Higher interest rates and brisk trading in power derivatives helped Deutsche Börse to a jump in sales and profits in the second quarter.

"Due to the very good development in the first half of 2023 and the outlook for the rest of the year, we expect to exceed our forecast for 2023," the exchange operator announced on Tuesday evening. It did not provide more precise figures. For 2023, the Group had forecast net revenue of between 4.5 and 4.7 (2022: 4.34) billion euros and EBITDA of 2.6 to 2.8 (2022: 2.5) billion euros.

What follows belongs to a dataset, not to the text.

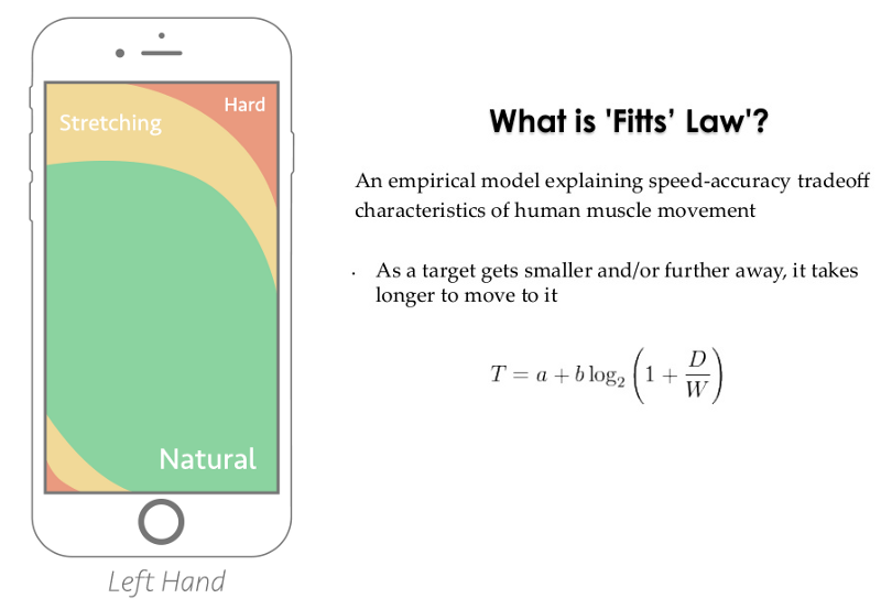 菲特定律是一个解释人体肌肉运动的速度与准确性的实证模型。当点击目标很小或者距离很远,需要花更长的时间才能点击到。

In the second quarter, net revenue climbed by 20 percent to EUR1.2 billion, "largely driven by strong net interest income from the banking business", as Deutsche Börse explained. The operating result (EBITDA) increased by 25 percent to 733 million euros. Both figures significantly exceeded analysts' expectations. While the high trading volume in the first quarter had driven business due to the turbulence in the banking sector, the second quarter was more subdued. In some cases, trading volumes in equity derivatives were significantly lower than in the previous year, it was reported. On the other hand, trading activity in electricity derivatives, which had been dampened by the energy crisis in the previous year, picked up. In addition to the Xetra equity trading platform, Deutsche Börse also operates the EEX energy exchange, the Eurex derivatives exchange and the 360T foreign exchange trading platform.

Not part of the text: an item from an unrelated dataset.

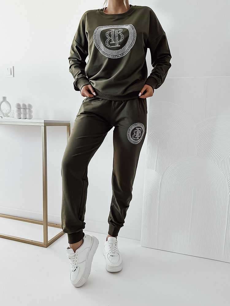 Royalfashion Set pulover pentru femei verde închis cu zirconii

The increase in the forecast for the year as a whole does not yet include the expected contribution from the Danish financial software specialist SimCorp, which Deutsche Börse intends to acquire for 3.9 billion euros. The transaction is expected to be completed by the end of the third quarter, once all approvals have been obtained. "We are right on schedule," explained CFO Gregor Pottmeyer. The acquisition, which the Group intends to use to strengthen its data analytics business, has already delayed the presentation of the new strategy, which Deutsche Börse had originally planned to present in June. It is now planned for the fall.